Sur la demande de dommages et intérêts pour résistance abusive :
L’article 1231-6 du Code civil prévoit que le créancier auquel son débiteur a causé, par sa mauvaise foi, un préjudice indépendant de ce retard, peut obtenir des dommages et intérêts distincts de l’intérêt moratoire.
Le bailleur n’apporte pas la preuve de l’existence d’un préjudice distinct de celui né du retard de paiement du locataire, par ailleurs réparé par l’allocation d’intérêts moratoires. Au surplus, elle ne justifie d’aucun abus imputable au locataire.
Ainsi, il y aura lieu rejeter la demande formulée de ce chef.
Sur les demandes accessoires :
Madame [R] [F] et Monsieur [H] [U], qui succombent, supporteront les entiers dépens.
Il convient d’accorder à Monsieur [U] l’AJP.
L’équité commande par contre de laisser à la charge du bailleur les frais irrépétibles non compris dans les dépens et la demande présentée au titre de l’article 700 du code de procédure civile sera donc rejetée.

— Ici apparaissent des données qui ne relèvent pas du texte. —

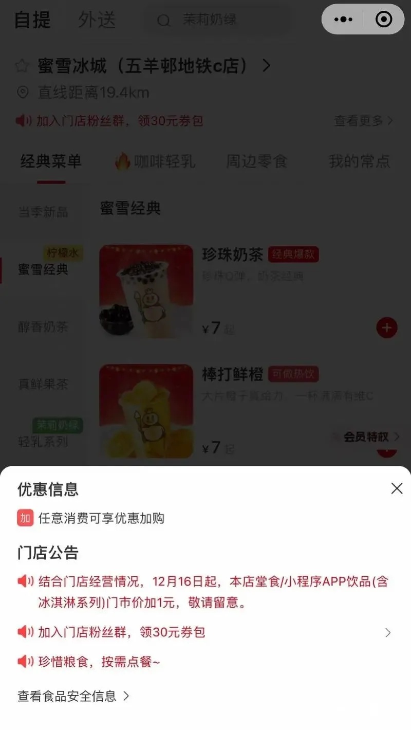 12月16日,广州多家蜜雪冰城门店在小程序上发布公告称,“综合门店经营情况,12月16日起,本店堂食/小程序APP饮品(含冰淇淋系列)门市价加1元”。
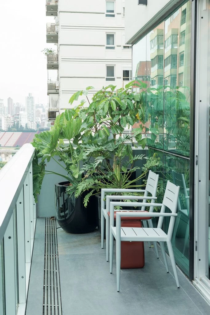 El balcón tiene paisajismo de Ariel Oliva y acomoda dos silloncitos con cuerpo de metal (Coin Vert) y una mesa Scott (Matriz Design).
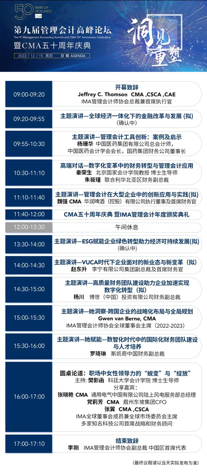 作為年度值得期待的管理會(huì)計(jì)盛事之一,第九屆管理會(huì)計(jì)高峰論壇暨CMA五十周年慶典將于2022年12月15日(周四)正式拉開(kāi)帷幕。自線上報(bào)名直播通道開(kāi)啟以來(lái),已受到廣泛關(guān)注,報(bào)名仍在火熱進(jìn)行中。本屆高峰論壇將圍繞“洞見(jiàn)與重塑”展開(kāi),眾多重量級(jí)大咖將齊聚一堂,共享智慧盛宴。CMA持證者完整參與更可以獲得8個(gè)CPE學(xué)分。
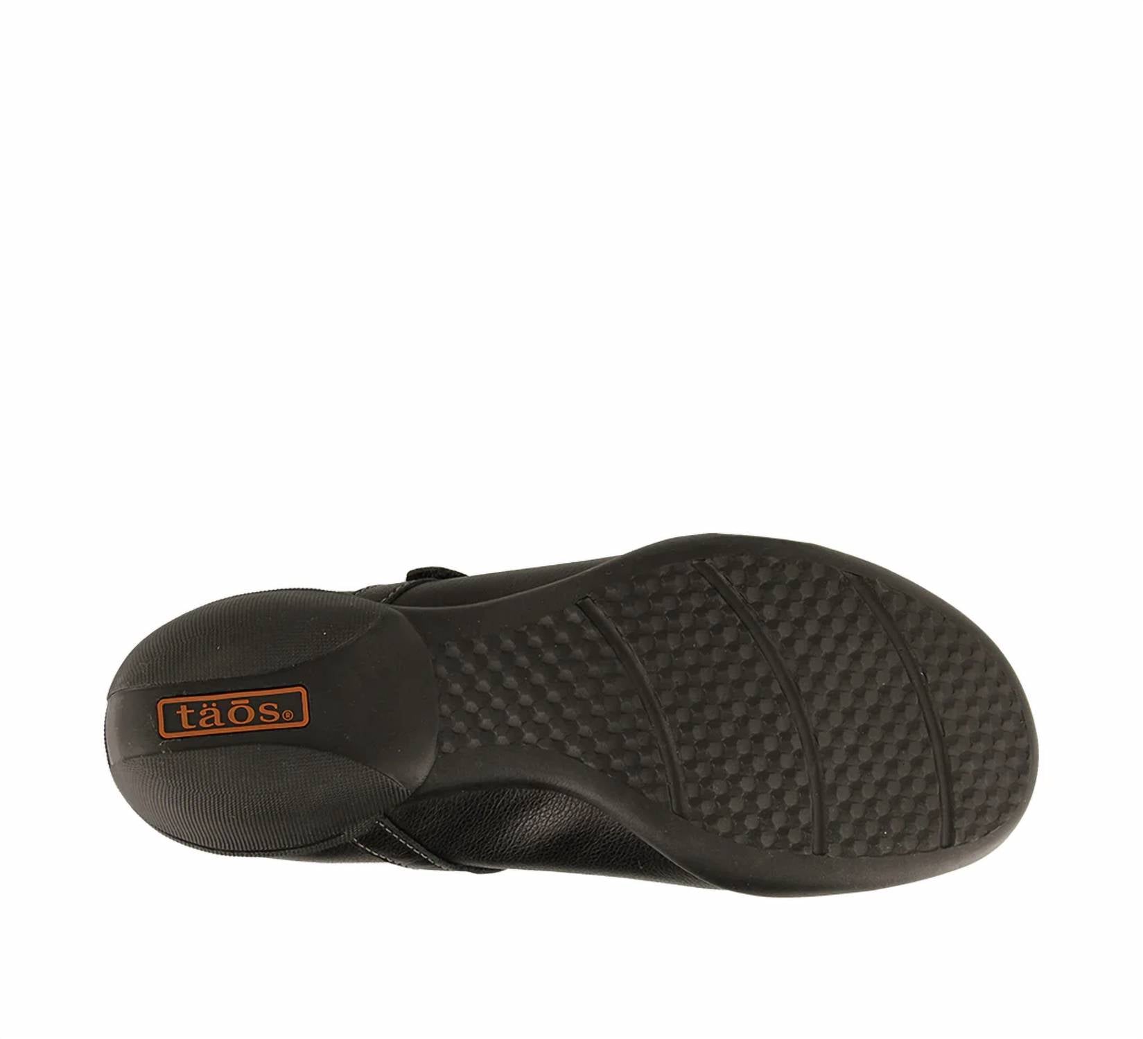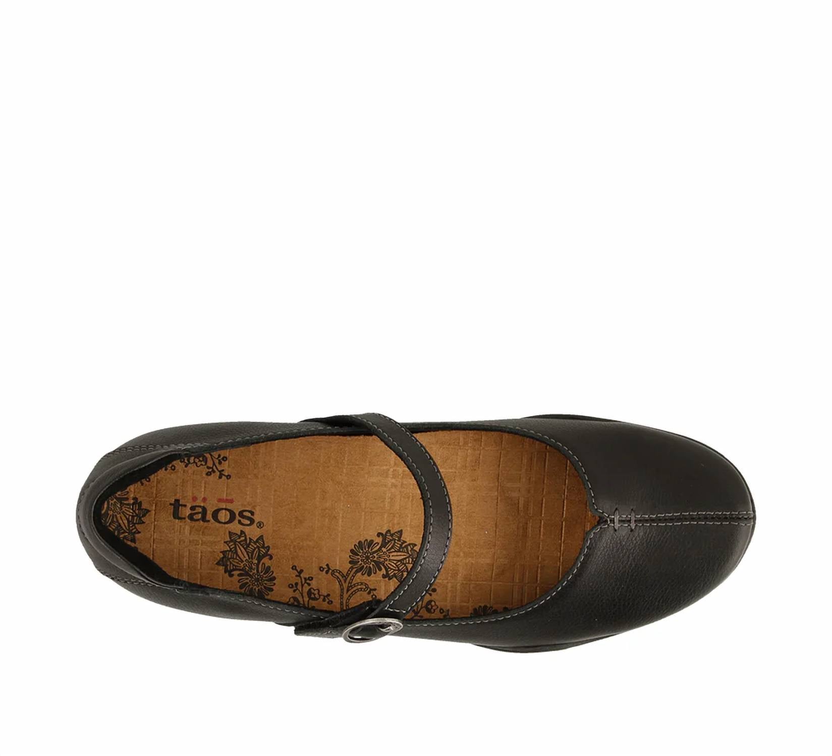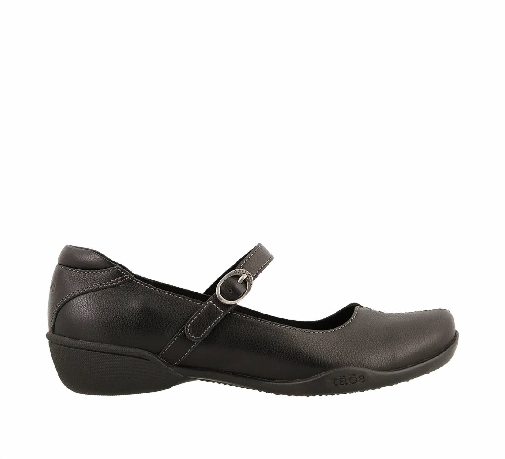Loafers so versatile you can wear them with just about anything. Discover the Women's Tadah Mary Jane Shoes by Taos, the perfect blend of style and comfort. These flats feature leather uppers in a sleek black finish, with an adjustable buckle strap for a secure fit and a classic round toe shape. They come equipped with a Curves & Pods® removable footbed and a SILVADUR Antimicrobial Shield for lasting freshness. The flexible and durable rubber outsole boasts a flat heel with a height of 1 ½”, ideal for all-day wear.

L’article 514 du code de procédure civile dispose désormais que : « les décisions de première instance sont de droit exécutoires à titre provisoire à moins que la loi ou la décision rendue n’en dispose autrement ».
PAR CES MOTIFS
Le juge des contentieux de la protection, statuant après débats publics, par jugement Contradictoire et en premier ressort ;
Déclare l’action de S.A. SIA HABITAT recevable ;
Constate que les conditions d’acquisition de la clause résolutoire figurant au bail conclu le 29 avril 2021 entre S.A. SIA HABITAT et Madame [R] [F] et Monsieur [H] [U] concernant l’immeuble et le parking accessoire situé à [Adresse 5], sont réunies à la date du 18 mars 2023 ;
Condamne solidairement Madame [R] [F] et Monsieur [H] [U] à payer en deniers ou quittances valables à S.A. SIA HABITAT, la somme de 1774,65 euros au titre de l’arriéré locatif arrêté au 8 mars 2024, avec intérêts au taux légal à compter du présent jugement ;
Autorise Madame [R] [F] ET Monsieur [H] [U] à payer leur dette, en principal par mensualités de 50 euros ;
Dit que ces mensualités devront être payées le 5 de chaque mois et pour la première fois le 5 du mois suivant la signification de la présente décision ;
Rappelle que les mensualités sont payables en plus du loyer courant ;
Suspend les effets de la clause résolutoire pendant l’exécution des délais ;
Dit que si les délais sont respectés la clause résolutoire sera réputée n’avoir jamais joué ;
Dit qu’en revanche, en cas de non paiement d’une seule de ces mensualités, l’intégralité de la somme restant due deviendra immédiatement exigible et la clause résolutoire sera automatiquement acquise à compter de la date de la première de ces mensualités impayées ;
Dit que dans ce cas, à défaut d’avoir quitté les lieux dont il s’agit dans les deux mois du commandement de délaisser, Madame [R] [F] et Monsieur [H] [U] ou tout occupant de leur chef pourront être expulsés, et ce, si besoin est, avec le concours de la Force Publique ;
Condamne solidairement Madame [R] [F] et Monsieur [H] [U], au cas où la clause résolutoire reprendrait effet, à payer chaque mois pour lequel ils seront restés dans les lieux, une indemnité mensuelle d’occupation égale au montant du loyer actuel charges comprises, soit 461,79 euros ;
Dit que la part correspondant aux charges dans ces indemnités mensuelles d’occupation pourra être réajustée au cas où les charges de l’année dépasseraient la provision ;
Rejette la demande de dommages et intérêts pour résistance abusive formée par le demandeur ;
Rejette la demande formée par le bailleur au titre de l’article 700 du code de procédure civile ;
Accorde à Monsieur [U] [H] l’aide juridictionnelle provisoire ;
Condamne in solidum Madame [R] [F] et Monsieur [H] [U] aux dépens ;
Rappelle que le présent jugement est de droit exécutoire à titre provisoire ;
Rejette toute autre demande.
Ainsi jugé et prononcé le 30 Mai 2024 par mise à disposition au greffe.